Netflix Data: Cleaning, Analysis And Visualization
Cleaning and Visualization with Pgsql and Tableau
@kaggle.ariyoomotade_netflix_data_cleaning_analysis_and_visualization
Cleaning and Visualization with Pgsql and Tableau
@kaggle.ariyoomotade_netflix_data_cleaning_analysis_and_visualization
Netflix is a popular streaming service that offers a vast catalog of movies, TV shows, and original contents. This dataset is a cleaned version of the original version which can be found here. The data consist of contents added to Netflix from 2008 to 2021. The oldest content is as old as 1925 and the newest as 2021. This dataset will be cleaned with PostgreSQL and visualized with Tableau. The purpose of this dataset is to test my data cleaning and visualization skills. The cleaned data can be found below and the Tableau dashboard can be found here .
We are going to:
--View dataset
SELECT *
FROM netflix;
--The show_id column is the unique id for the dataset, therefore we are going to check for duplicates
SELECT show_id, COUNT(*)
FROM netflix
GROUP BY show_id
ORDER BY show_id DESC;
--No duplicates
--Check null values across columns
SELECT COUNT(*) FILTER (WHERE show_id IS NULL) AS showid_nulls,
COUNT(*) FILTER (WHERE type IS NULL) AS type_nulls,
COUNT(*) FILTER (WHERE title IS NULL) AS title_nulls,
COUNT(*) FILTER (WHERE director IS NULL) AS director_nulls,
COUNT(*) FILTER (WHERE movie_cast IS NULL) AS movie_cast_nulls,
COUNT(*) FILTER (WHERE country IS NULL) AS country_nulls,
COUNT(*) FILTER (WHERE date_added IS NULL) AS date_addes_nulls,
COUNT(*) FILTER (WHERE release_year IS NULL) AS release_year_nulls,
COUNT(*) FILTER (WHERE rating IS NULL) AS rating_nulls,
COUNT(*) FILTER (WHERE duration IS NULL) AS duration_nulls,
COUNT(*) FILTER (WHERE listed_in IS NULL) AS listed_in_nulls,
COUNT(*) FILTER (WHERE description IS NULL) AS description_nulls
FROM netflix;
We can see that there are NULLS.
director_nulls = 2634
movie_cast_nulls = 825
country_nulls = 831
date_added_nulls = 10
rating_nulls = 4
duration_nulls = 3
The director column nulls is about 30% of the whole column, therefore I will not delete them.
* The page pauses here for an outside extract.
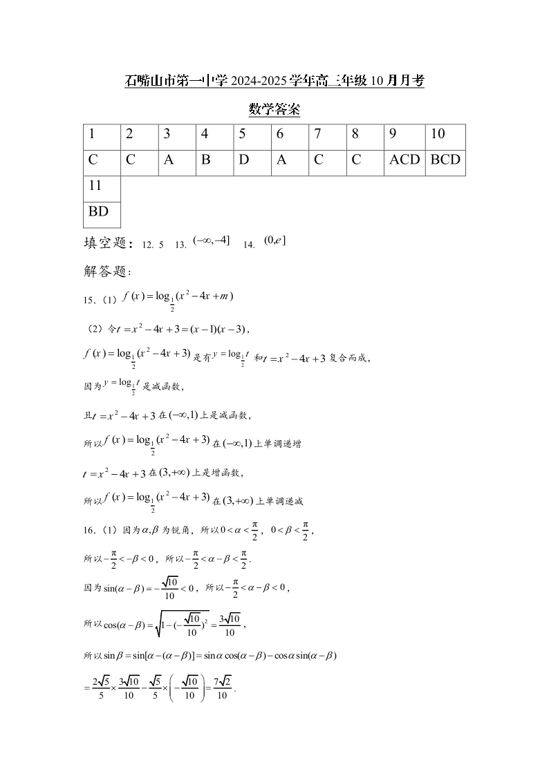 宁夏回族自治区石嘴山市第一中学2025届高三上学期10月月考 数学

I will rather find another column to populate it. To populate the director column, we want to find out if there is relationship between movie_cast column and director column
-- Below, we find out if some directors are likely to work with particular cast
WITH cte AS
(
SELECT title, CONCAT(director, '---', movie_cast) AS director_cast
FROM netflix
)
SELECT director_cast, COUNT(*) AS count
FROM cte
GROUP BY director_cast
HAVING COUNT(*) > 1
ORDER BY COUNT(*) DESC;
With this, we can now populate NULL rows in directors
using their record with movie_cast
UPDATE netflix
SET director = 'Alastair Fothergill'
WHERE movie_cast = 'David Attenborough'
AND director IS NULL ;
--Repeat this step to populate the rest of the director nulls
--Populate the rest of the NULL in director as "Not Given"
UPDATE netflix
SET director = 'Not Given'
WHERE director IS NULL;
--When I was doing this, I found a less complex and faster way to populate a column which I will use next
Just like the director column, I will not delete the nulls in country. Since the country column is related to director and movie, we are going to populate the country column with the director column
--Populate the country using the director column
SELECT COALESCE(nt.country,nt2.country)
FROM netflix AS nt
JOIN netflix AS nt2
ON nt.director = nt2.director
AND nt.show_id <> nt2.show_id
WHERE nt.country IS NULL;
UPDATE netflix
SET country = nt2.country
FROM netflix AS nt2
WHERE netflix.director = nt2.director and netflix.show_id <> nt2.show_id
AND netflix.country IS NULL;
--To confirm if there are still directors linked to country that refuse to update
SELECT director, country, date_added
FROM netflix
WHERE country IS NULL;
--Populate the rest of the NULL in director as "Not Given"
UPDATE netflix
SET country = 'Not Given'
WHERE country IS NULL;
The date_added rows nulls is just 10 out of over 8000 rows, deleting them cannot affect our analysis or visualization
--Show date_added nulls
SELECT show_id, date_added
FROM netflix_clean
WHERE date_added IS NULL;
--DELETE nulls
DELETE FROM netflix
WHERE show_id
IN ('6797', 's6067', 's6175', 's6807', 's6902', 's7255', 's7197', 's7407', 's7848', 's8183');
rating nulls is 4. Delete them
--Show rating NULLS
SELECT show_id, rating
FROM netflix_clean
WHERE date_added IS NULL;
--Delete the nulls, and show deleted fields
DELETE FROM netflix
WHERE show_id
IN (SELECT show_id FROM netflix WHERE rating IS NULL)
RETURNING *;
--duration nulls is 4. Delete them
DELETE FROM netflix
WHERE show_id
IN (SELECT show_id FROM netflix WHERE duration IS NULL);
Now run the query to show the number of nulls in each column to confirm if there are still nulls. After this, run the query to confirm the row number in each column is the same
--Check to confirm the number of rows are the same(NO NULL)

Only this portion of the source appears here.